The University of Northern BC prides itself on being a "green university," so having James Moore, the former Tory Industry minister, take the position seems like an odd choice.

by Manisha Krishnan
Dec 1 2015, 4:51pm

James Moore. Photo via Flickr user Heather

Students and faculty at the University of Northern BC are fighting the appointment of former Conservative MP James Moore as chancellor of the school, claiming that he's basically the antithesis of everything they stand for.

More than 1,000 people have signed a petition opposing the recent decision to have Moore step in as ceremonial figurehead of the school.

"His own actions are decidedly inconsistent with many of the core values and principles embodied in UNBC's mission statement," reads the petition.

Located in Prince George, BC, UNBC has dubbed itself "Canada's Green University" due to its commitment to sustainability. It seems the UNBC community is having a hard time overlooking Moore's 15-year tenure as MP "in a government that did not celebrate diversity or the free and open exchange of ideas."

Specifically, they have beef with the former government's tendencies to muzzle scientists, make any kind of meaningful policies to address climate change, stifle democratic dissent, refuse to order an inquiry into missing and murdered Indigenous women, and invoke racist, wedge politics.

They also brought up that time Moore, former Industry minister, was a dick when asked a question about poor, hungry kids. "Is it the government's job—my job to feed my neighbour's child? I don't think so," he said at the time.

The petition closes with a strong anti-endorsement.

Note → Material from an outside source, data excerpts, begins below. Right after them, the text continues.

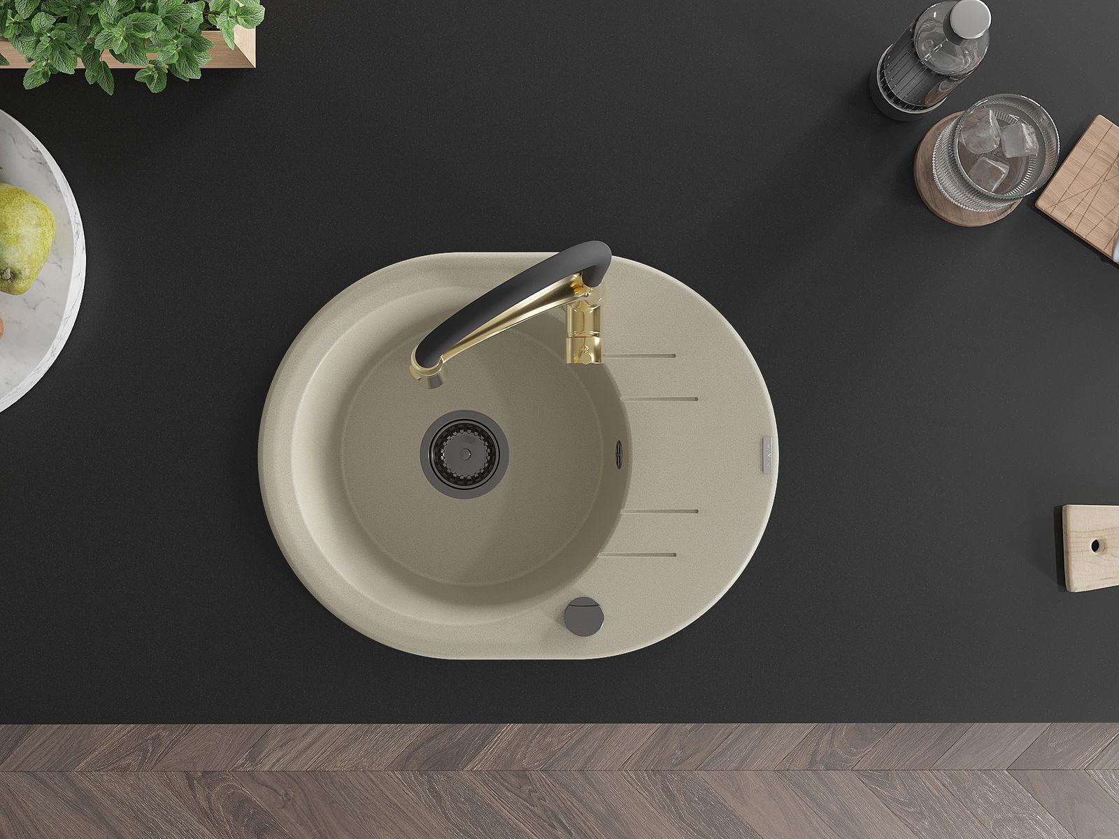 Mexen Kevin single-bowl granite sink with drainer and Aster kitchen tap, beige - 6517-69-73450-57-B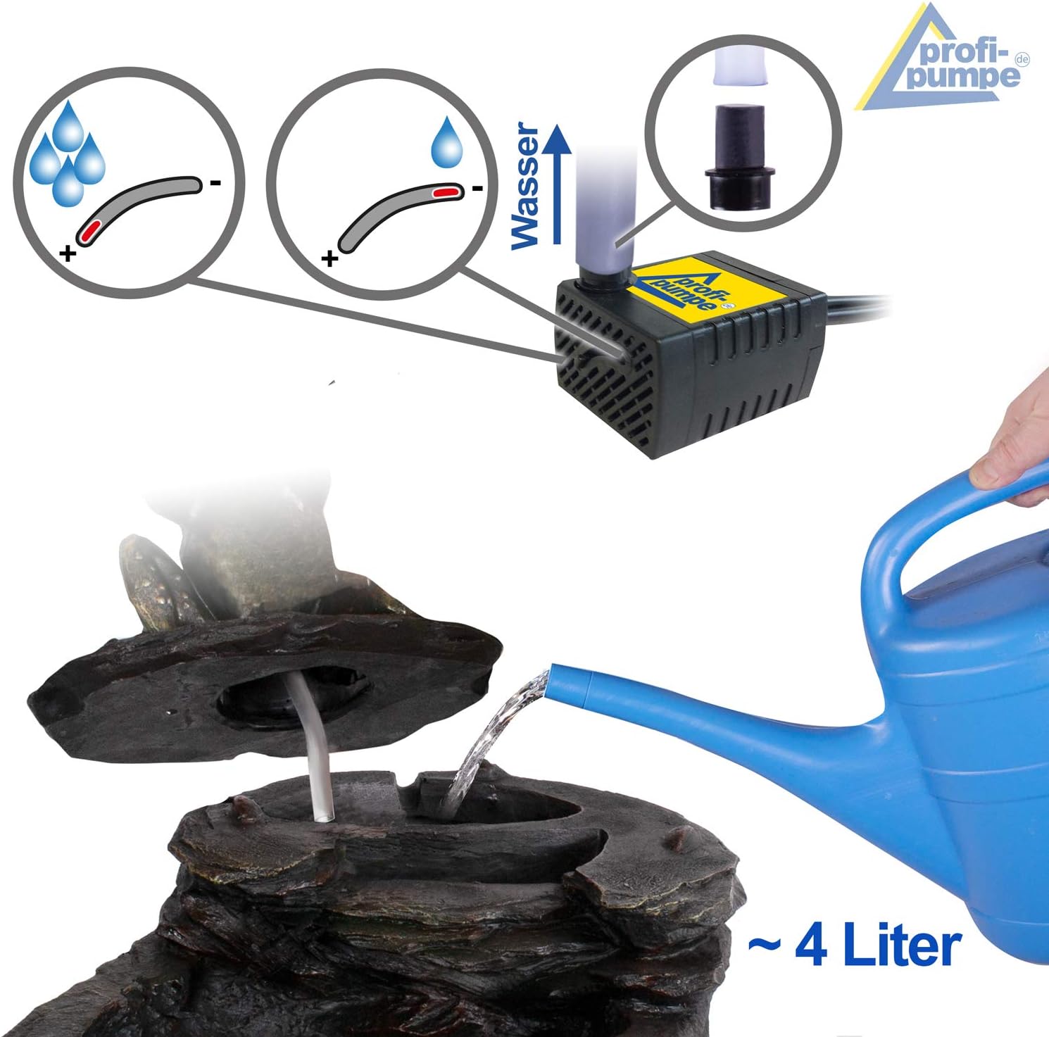 - Mit 230V/12V-Anschluss | Inkl. 3,2 Watt Pumpe | Inkl. LED-Ring in warmem Weiss (austauschbar)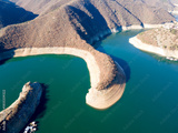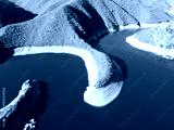 Aerial winter view of Vacha (Antonivanovtsi) Reservoir, Bulgaria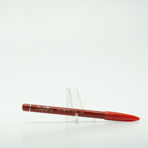 A reddish-colored black eyeliner pencil with plastic lid and text on its side reading, "Velvet Black / Maybelline / Maybelline Co. Distr. Chicago, IL / Made in / U.S.A."

"It is our firm conviction that Mr. Moore's installation as Chancellor would do grave damage to the reputation and the long-term welfare of this institution, and for this reason that we firmly reject his appointment by the Board."

Ryan Matheson, chair of the school's board of governors, told the Vancouver Sun it's "unfortunate" Moore is being judged by his previous political associations (which he never made any attempt to distance himself from).

Matheson said the appointment stands.

"He has 15 years of incredible experience in public service, has a passion for the university, and he wants to give back in this way."